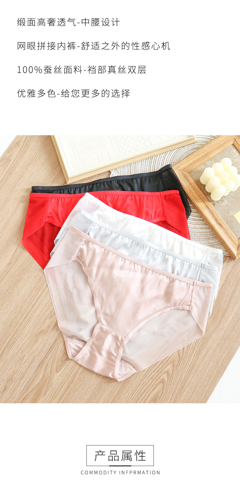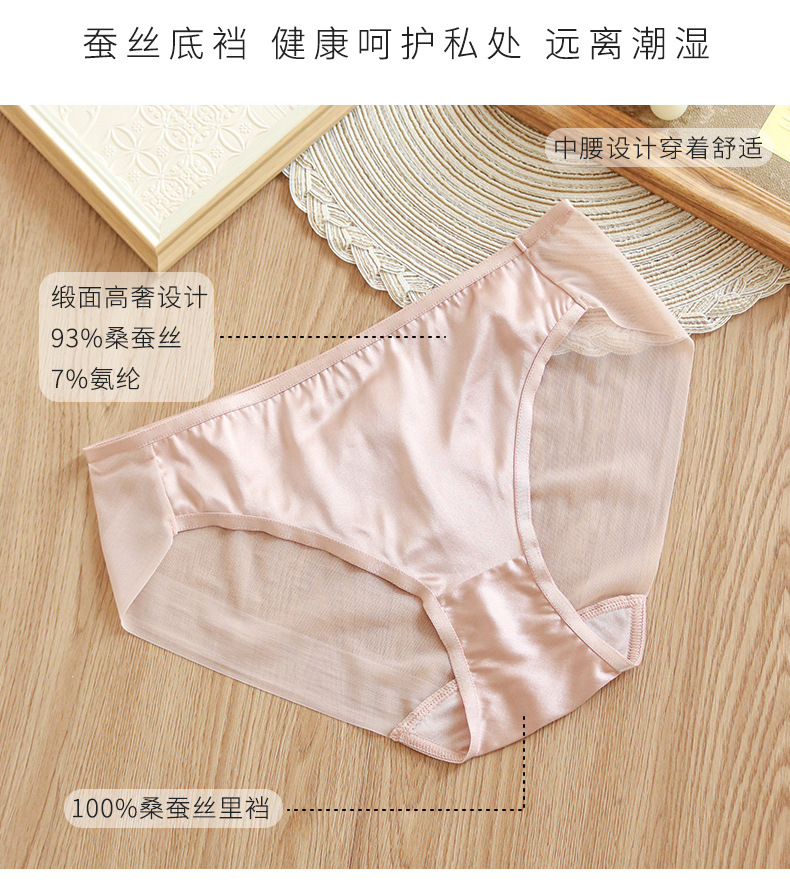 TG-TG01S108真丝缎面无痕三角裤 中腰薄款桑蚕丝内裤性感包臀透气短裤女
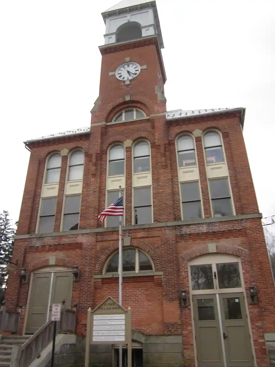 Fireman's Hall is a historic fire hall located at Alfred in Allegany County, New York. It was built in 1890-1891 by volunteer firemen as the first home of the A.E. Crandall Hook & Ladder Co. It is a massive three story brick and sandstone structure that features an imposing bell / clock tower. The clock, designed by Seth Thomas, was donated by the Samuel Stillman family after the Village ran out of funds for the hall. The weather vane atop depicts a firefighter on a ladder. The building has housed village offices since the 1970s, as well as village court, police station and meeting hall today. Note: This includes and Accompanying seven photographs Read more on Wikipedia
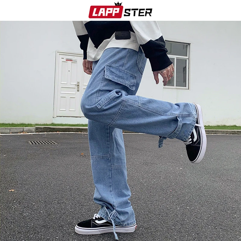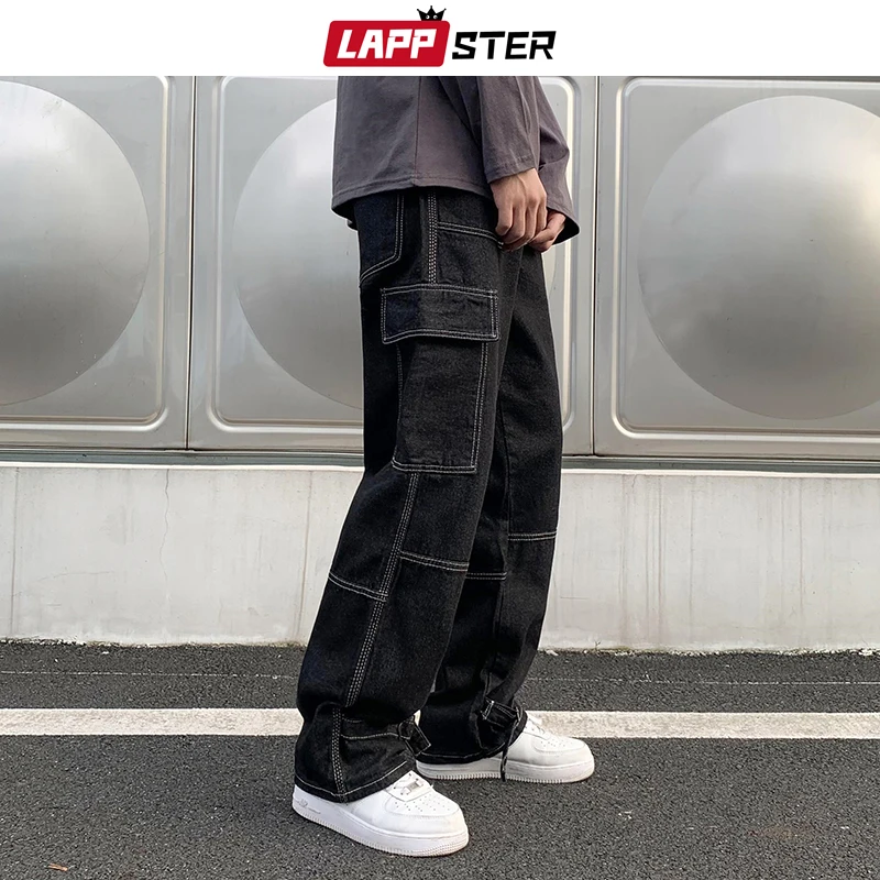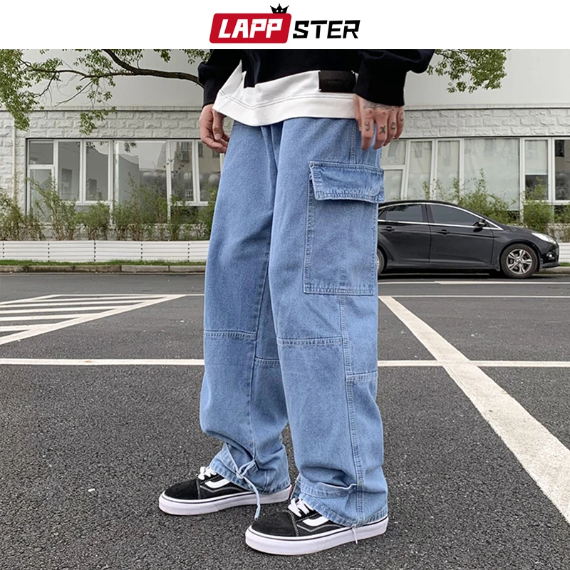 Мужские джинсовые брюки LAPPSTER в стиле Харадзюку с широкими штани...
• • • • •
* _What is needed_
Could you return the listing above exactly, minus its pictures?

* _Response_
 TG-TG01S108真丝缎面无痕三角裤 中腰薄款桑蚕丝内裤性感包臀透气短裤女
 Fireman's Hall is a historic fire hall located at Alfred in Allegany County, New York. It was built in 1890-1891 by volunteer firemen as the first home of the A.E. Crandall Hook & Ladder Co. It is a massive three story brick and sandstone structure that features an imposing bell / clock tower. The clock, designed by Seth Thomas, was donated by the Samuel Stillman family after the Village ran out of funds for the hall. The weather vane atop depicts a firefighter on a ladder. The building has housed village offices since the 1970s, as well as village court, police station and meeting hall today. Note: This includes and Accompanying seven photographs Read more on Wikipedia
 Мужские джинсовые брюки LAPPSTER в стиле Харадзюку с широкими штани...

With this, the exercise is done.